For more of the Gentle Wind School's philosophy

From State Education Fails The Test

by William Trench

In his excellent article, How you can profit from the school hoax, (World Market Perspective, Nov.'87), Richard J. Maybury lists the six characteristics that an "illiteracy mill" would have to have. I summarize them as follows:
  1. Curiosity is spontaneous and must be suppressed. Prohibit spontaneity and regiment learning so that children are taught things when the system decides, not when they want to learn them.
  2. Remove children from the adult world so that they are deprived of role models, and cannot learn by copying adults.

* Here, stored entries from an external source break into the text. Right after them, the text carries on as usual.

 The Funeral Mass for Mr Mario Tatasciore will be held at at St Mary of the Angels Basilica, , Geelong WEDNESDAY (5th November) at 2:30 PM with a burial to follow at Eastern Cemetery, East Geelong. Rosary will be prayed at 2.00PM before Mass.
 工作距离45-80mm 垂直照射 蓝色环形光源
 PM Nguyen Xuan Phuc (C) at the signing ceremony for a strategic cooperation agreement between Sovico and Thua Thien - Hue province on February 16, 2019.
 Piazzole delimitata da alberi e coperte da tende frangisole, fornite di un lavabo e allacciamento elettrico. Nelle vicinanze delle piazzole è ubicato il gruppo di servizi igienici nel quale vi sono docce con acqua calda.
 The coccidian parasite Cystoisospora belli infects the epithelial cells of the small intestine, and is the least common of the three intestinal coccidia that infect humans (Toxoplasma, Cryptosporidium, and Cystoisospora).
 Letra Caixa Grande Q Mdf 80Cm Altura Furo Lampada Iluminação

  3. Enact child labour laws so that anyone trying to escape from the illiteracy mill has nowhere else to go. No apprenticeship system means they won't be able to learn a trade by copying adults.
  4. Force children by law to attend, thereby making learning a job, a chore, an obligation; definitely not fun. Supplant curiosity by drudgery. Prison dulls the mind.

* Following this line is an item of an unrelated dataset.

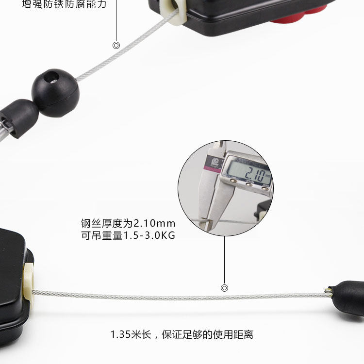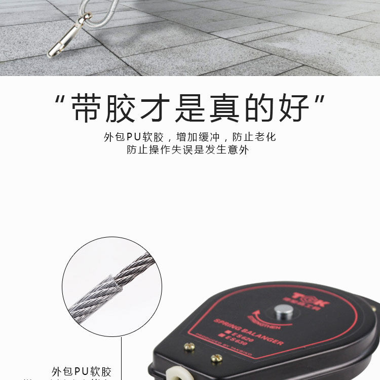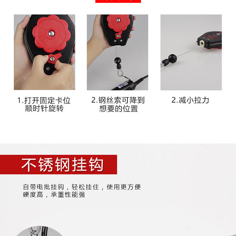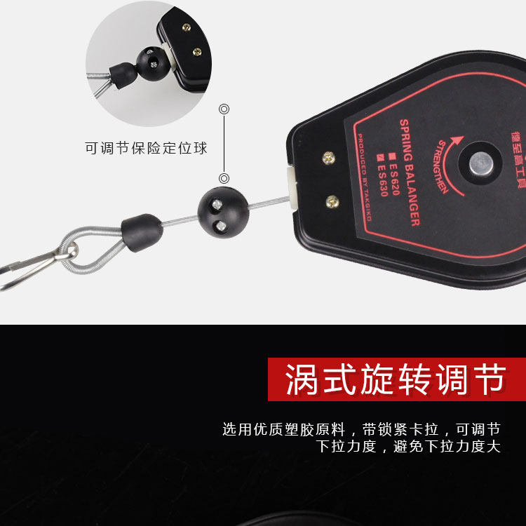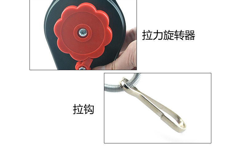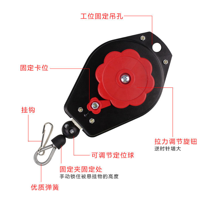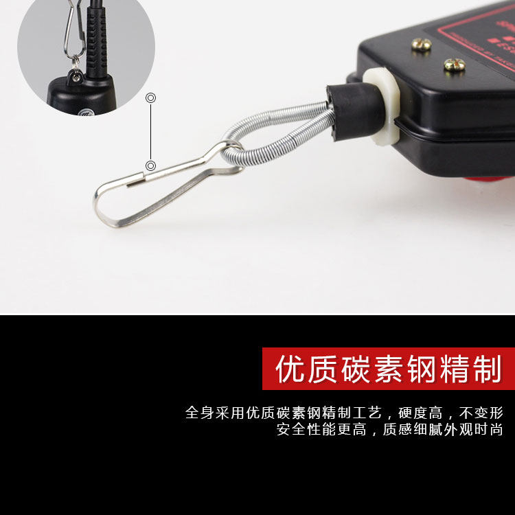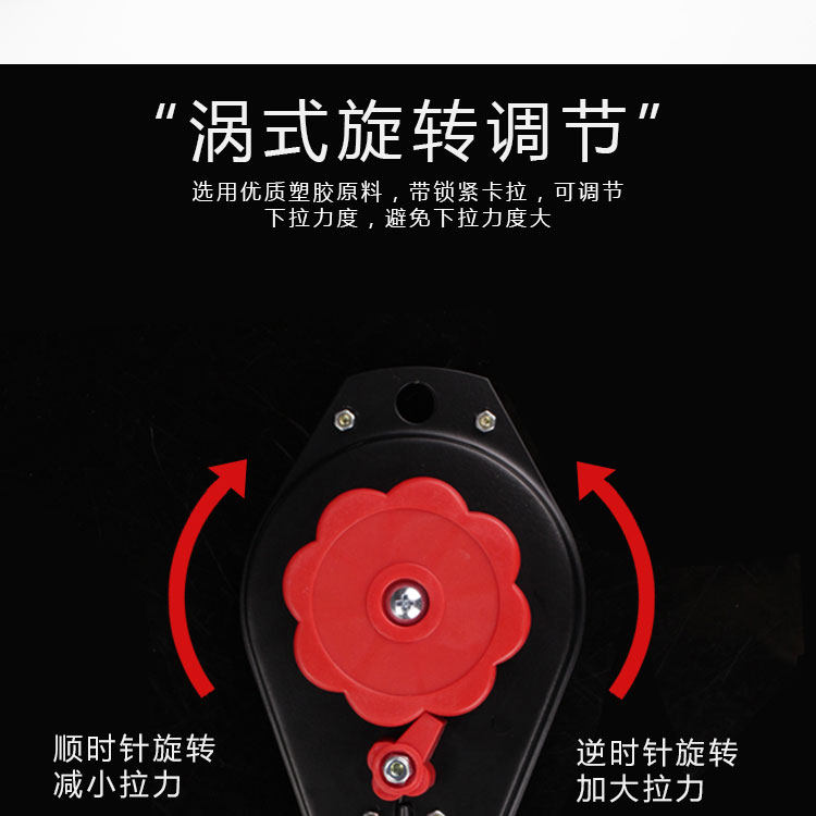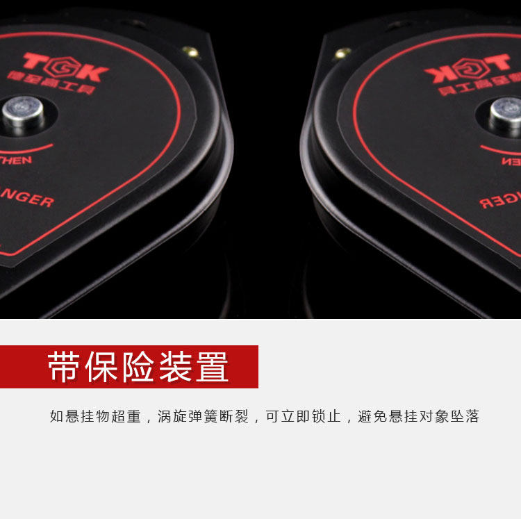 (6)带保险装置,如悬挂物超重,蜗旋弹簧断裂,可立即锁止,避免悬挂对象坠落。

  5. Coercing the children also helps wipe out the teacher's desire to teach. It creates massive problems of motivation and discipline. Teachers commonly quit after a few years of attempting to combine the roles of entertainer and enforcer in an effort to get something done.
  6. Last but not least, everyone should be forced to pay for the mill no matter what their mill does to children's minds. And there are no refunds. If a child comes out of the system with his brain turned to mush, the parents should still be forced to pay, every year for the rest of their lives.